Пока наша героиня проходит на свое место в ряду дам, рассмотрим ее как следует. Она несколько выше среднего роста. Ее отличительное качество гибкость, создающая впечатление необыкновенной легкости и свободы движений. Темные глаза, над которыми брови изгибаются, словно две дужки в нотном письме - так тонко, четко и мягко они очерчены, - оживленно блестят. Этот блеск время от времени, однако, не слишком часто, смягчается дымкой задумчивости, лишь на мгновение затеняющей кокетливую искорку, которая, в свою очередь, никогда не разгорается настолько, чтобы выйти за рамки скромности. Ее губы отличаются той же четкостью и мягкостью рисунка, как и брови, и у нее правильной формы нос, что само по себе немало, если учесть, что на сотню хорошеньких ртов и глазок приходится всего один правильный носик. Добавьте к этому пышные каштановые кудри, платье из белого газа с голубой отделкой - и перед вами весьма несовершенный портрет молодой особы, которая выделялась среди остальных дам, как роза среди кочанов капусты. Танец был в самом разгаре. Мистер Шайнер, бросив собственную даму, что разрешалось своеобразными правилами танца, завладел прелестной партнершей Дика, и они резво понеслись посередине комнаты, словно жених с невестой, спешащие к алтарю. Дик трусил сзади с довольно глупым видом, который, как ему казалось, должен был выражать невозмутимое спокойствие, а на самом деле выражал беспомощное негодование. У Дика уже стали заметно дрожать губы, но тут Фэнси и мистер Шайнер повернули назад, и он, радостно вспыхнув, взялся за руки со своим соперником, образовав арку над головой дамы (отсюда, видно, и пошло название танца). В следующей фигуре ему снова пришлось уступить Фэнси Шайнеру, который отплясывал с таким жаром, что его цепочка тоже плясала всеми своими звеньями. Возчик не жалел ног, так что его обширные телеса тряслись, как студень. Миссис Пенни, которая, танцуя с возчиком, всегда опасалась увечья, в течение всей фигуры сохраняла на лице робкую улыбку, отчего оно покрылось сетью морщинок, а глаза превратились в крошечные узенькие щелочки; подпрыгивая напротив своего партнера, она с какой-то рабской покорностью повторяла каждое его движение - включая и те коленца, которыми возчик, благодаря своему богатому воображению, время от времени уснащал танец.
Сережки в ушах дам то взлетали, подскакивали, переворачивались, то, утихомирившись, легонько покачивались из стороны в сторону.

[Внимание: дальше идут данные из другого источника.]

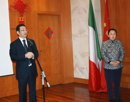 招待會由何風云副總領事主持,張利民總領事首先向來賓和旅意廣大僑胞致以新春的祝福。張利民總領事說,2009年,中國成功舉辦新中國60周年慶典,為全球抵御國際金融危機做出了積極的貢獻,中國在與世界各國的交流中取得了豐碩的成果。特別是中國國家領導人吳邦國委員長、胡錦濤主席相繼訪意,把兩國關系推向了新的高潮。隨著2010年中意文化年的舉辦,相信中意兩國關系一定會跨入一個新的歷史階段。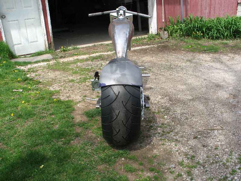 21" RIM AND TIRE UP FRON WITH A 18" BY 12" WIDE RIM WITH A 280 TIRE ON THE REAR
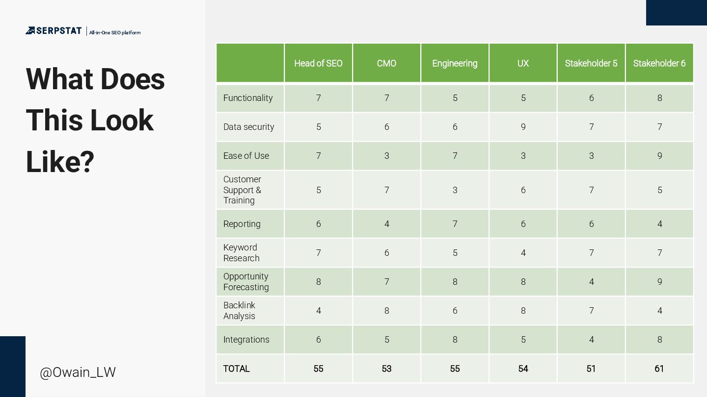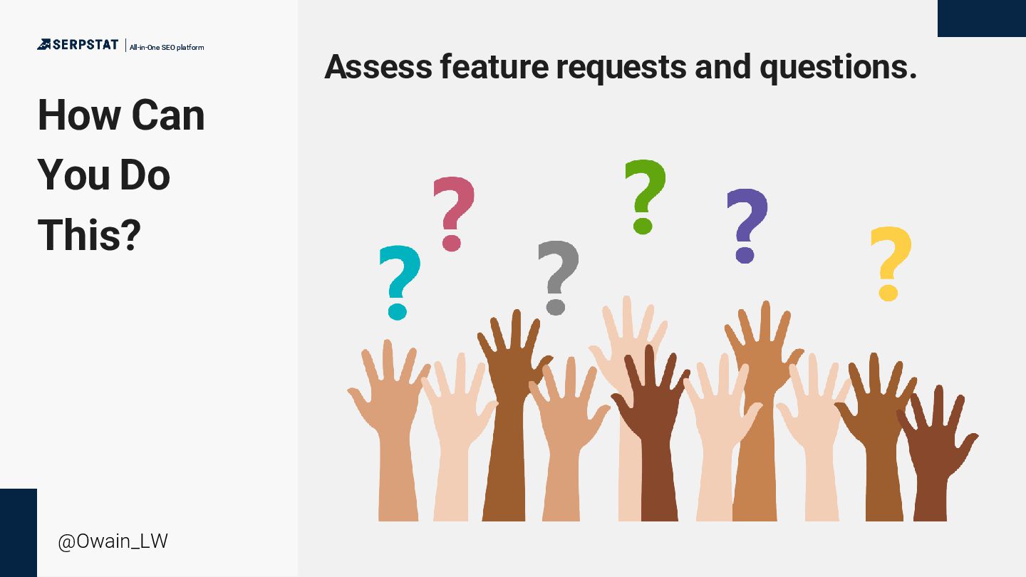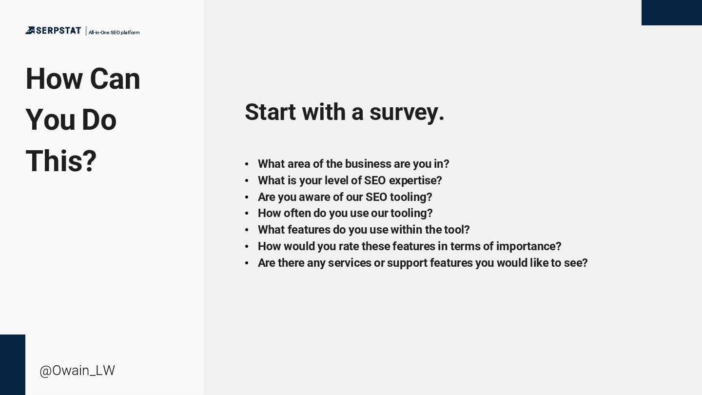 platform @Owain_LW Start with a survey. • What area of the business are you in? • What is your level of SEO expertise? • Are you aware of our SEO tooling? • How often do you use our tooling? • What features do you use within the tool? • How would you rate these features in terms of importance? • Are there any services or support features you would like to see?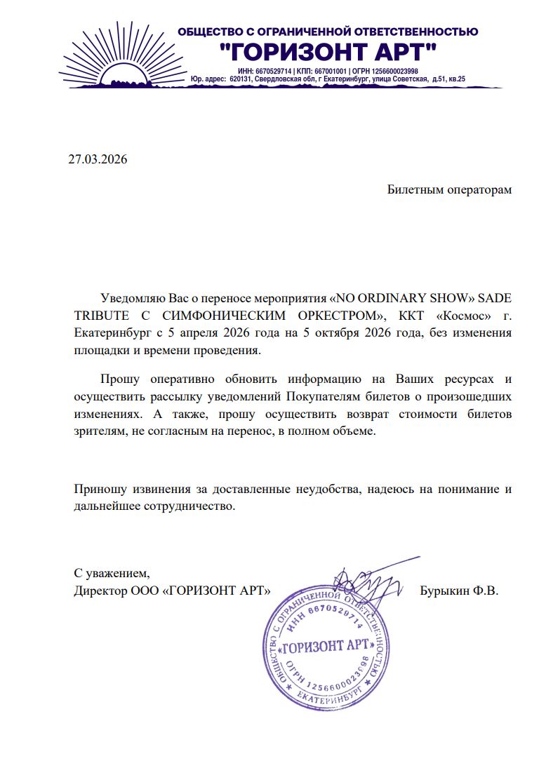Уважаемый клиент! Спешим сообщить, что по информации, полученной от организатора, концерт «No ordinary show» sade tribute с оркестром», запланированный на 5 апреля 2026 года в 19:00 в Киноконцертном театре «Космос», перенесён на 5 октября 2026 года, начало в 19:00. Ранее приобретенные билеты действительны на новую дату, обменивать их не нужно. Если вам не удобно посетить мероприятие, вы можете вернуть билет по кнопке в личном кабинете во вкладке «Заказы». Деньги за электронные билеты вернутся автоматически в полном объёме на карту, с которой была произведена оплата. Если вы купили билет в кассе Ticketland.ru за наличный расчет или оплатили подарочной картой , то обратитесь, пожалуйста, на почту: vozvrat@ticketland.ru. С уважением, команда поддержки Ticketland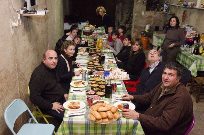 Luego tocaba el almuerzo en el Ribet: longanizas, butifarras, tocino… todo a la brasa. Pan y ajoaceite y vino para beber, y de postre, pastelitos típicos en nuestro pueblo.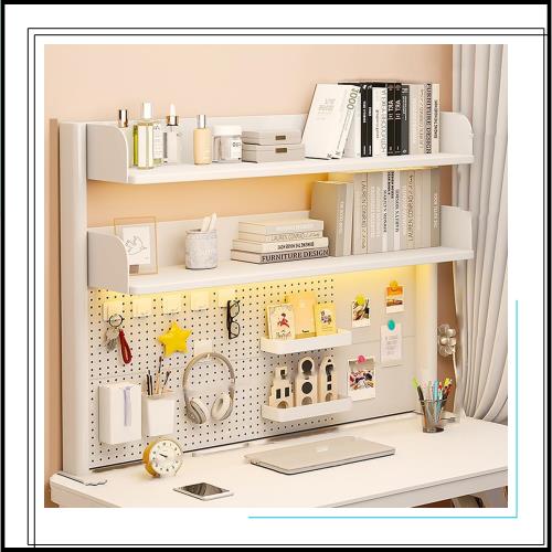 3.【効率的にスペース活用】 有孔ボードが机上シェルフに付いております。イヤホンや鍵などの小物を垂直面に収納することで、デスク周りがすっきりと片付き、作業スペースをより広く使えるようになります。 【贈り物】便利収納グッズをお贈り致します:ペン入れ1個、ティッシュ箱1個、ボックス1個、U字フック2個、L字フック10個、ペッグフック6個と磁石10個。レイアウトを自由に配置でき、アイテム次第で使い方が広がります。

Миссис Крамплер - дородная особа, по каким-то соображениям, о которых никто не счел нужным допытываться, танцевавшая в чистом переднике, скользила по полу так плавно, что ее туфель вовсе не было видно, и могло показаться, будто она катится на колесиках.
Минуты незаметно проходили одна за другой, и вот уже наступило то время, когда прически у дам приходят в легкомысленный беспорядок; когда даже на лицах изящных девиц явственно проступает влага - не говоря уж об их партнерах, по чьим физиономиям давно уже катятся полноводные ручьи; когда юбки начинают выбиваться из-под поясов; когда гости постарше, которые пошли танцевать, чтобы не отстать от молодежи, уже чувствуют дрожь в коленях и про себя проклинают этот нескончаемый танец;, когда (на деревенских вечеринках, где не останавливаются на полпути) начинают расстегивать жилеты, а стулья скрипачей, сдвинутые яростными телодвижениями сидящих на них музыкантов, оказываются в добрых двух футах от того места, куда их первоначально поставили.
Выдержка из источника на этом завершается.